Among the 13 candidates in the fray for October 15 assembly polls for the Shirur seat in Pune district, 30-year-old Sandip Gire stands apart. Gire is perhaps the only transgender contesting election across the 288 assembly seats in Maharashtra.
“Voters can be assured that they would not witness dynastic politics if individuals like me win since we have no progeny. I have no spouse or children against whose names I would amass wealth after becoming an MLA like other politicians,” says Gire.
The 30-year old, who belongs to ‘Jan-jogati’ community that has been long associated with eunuchs, said he has point to prove by fighting the polls and registering a victory. “Today’s politicians are selfish and have their own interests to serve after getting elected.
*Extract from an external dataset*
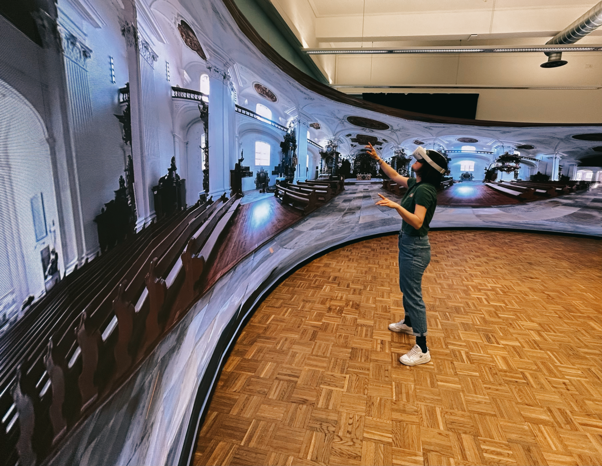 Die Wallfahrtskirche im deutschen Birnau, die Abteikirche von Ebersmünster im Elsass oder die Kirchen der Klöster St. Gallen und Einsiedeln in der Schweiz – die „Auer Zunft“ aus dem Bregenzerwald errichtete im 17. und 18. Jahrhundert 800 Barockbauten im Bodenseeraum. Der Rundgang zu den Bregenzerwälder Barockbaumeistern kann aufgrund der großen Entfernungen ausschließlich im digitalen Raum erlebt werden. Muss aber nicht, denn auch hier verbindet sich die physische mit der digitalen Welt. Sie können mit einer Virtual Reality Brille eine barocke Kathedrale betreten werden und dabei erleben, wie sich die Lichtstimmung im Innenraum von Sonnenaufgang bis zur Nacht verändert. Ein 360-Grad-Video macht’s möglich.

I am a selfless person, who wants to do my bit for the welfare of the society. Unlike other politicians, I will be there for each and everyone needing my help,” Gire told The Indian Express on Friday.
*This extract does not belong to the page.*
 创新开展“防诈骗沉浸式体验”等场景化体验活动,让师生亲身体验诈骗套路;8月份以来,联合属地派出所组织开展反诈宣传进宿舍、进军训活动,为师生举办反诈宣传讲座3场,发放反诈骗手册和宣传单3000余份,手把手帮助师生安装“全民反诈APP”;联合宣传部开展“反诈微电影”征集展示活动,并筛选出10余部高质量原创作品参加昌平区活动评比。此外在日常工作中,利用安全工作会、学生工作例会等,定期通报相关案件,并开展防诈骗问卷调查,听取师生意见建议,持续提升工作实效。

Gire, who has filed his nomination as an Independent and got the ‘ring’ as an election symbol, earns his living by doing traditional work such as performing ‘Jagaran gondhal’ and seeking ‘jogwa’.
“While filing my nomination papers, I have declared zero assets – which is a fact. I will manage my election expenditure through public funds only,” says Gire, who stays in small rented home in Holar Ali in the outskirt of Shirur along with a 22-year-old transgender friend. His mother lives separately with a widowed daughter-in-law.
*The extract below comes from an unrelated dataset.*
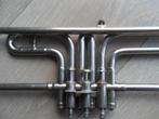 Oude ventieltrombone uit het weense systeem. Vernikkeld messing in zeer goede staat: de ventielen werken goed en het instrument is bespeelbaar zoals het is. Origineel mondstuk aanwezig.

With poll campaigning gathering momentum gradually, Gire is relying on a bunch of friends and a fleet of four vehicles for reaching out to voters. “My friends and well-wishers know how genuine I am in my intentions, and therefore take time out for for campaigning for me. Social activist Manik Bhadange, who runs a charitable trust for leprosy patients, is supporting me financially, besides others,” Gire said.
The vehicles used for campaigning carries a photo of Gire with folded hands and a slogan in Marathi that means history does not come into existence on its own, it has to be created.
Good roads and better infrastructure, adequate water and power supply, women safety and rehabilitation policy for hawkers are some of the top priorities listed in athe genda charted out by Gire. “I may win or lose, but the election has given me a platform to establish a connect with the people. I will take this relation forward even after elections. The Goddess Yelamma is with me,” said Gire, who had met social activist Anna Hazare to seek his blessings before filing his nomination papers.
“Anna asked me to do good work in public interest. The veteran social activist said I should reach to such a height that everyone would pat my back,” the 30-year old says, while also expressing his dislike for all established parties.
Gire feels the state should reserve at least five seats for the transgender community in the next election.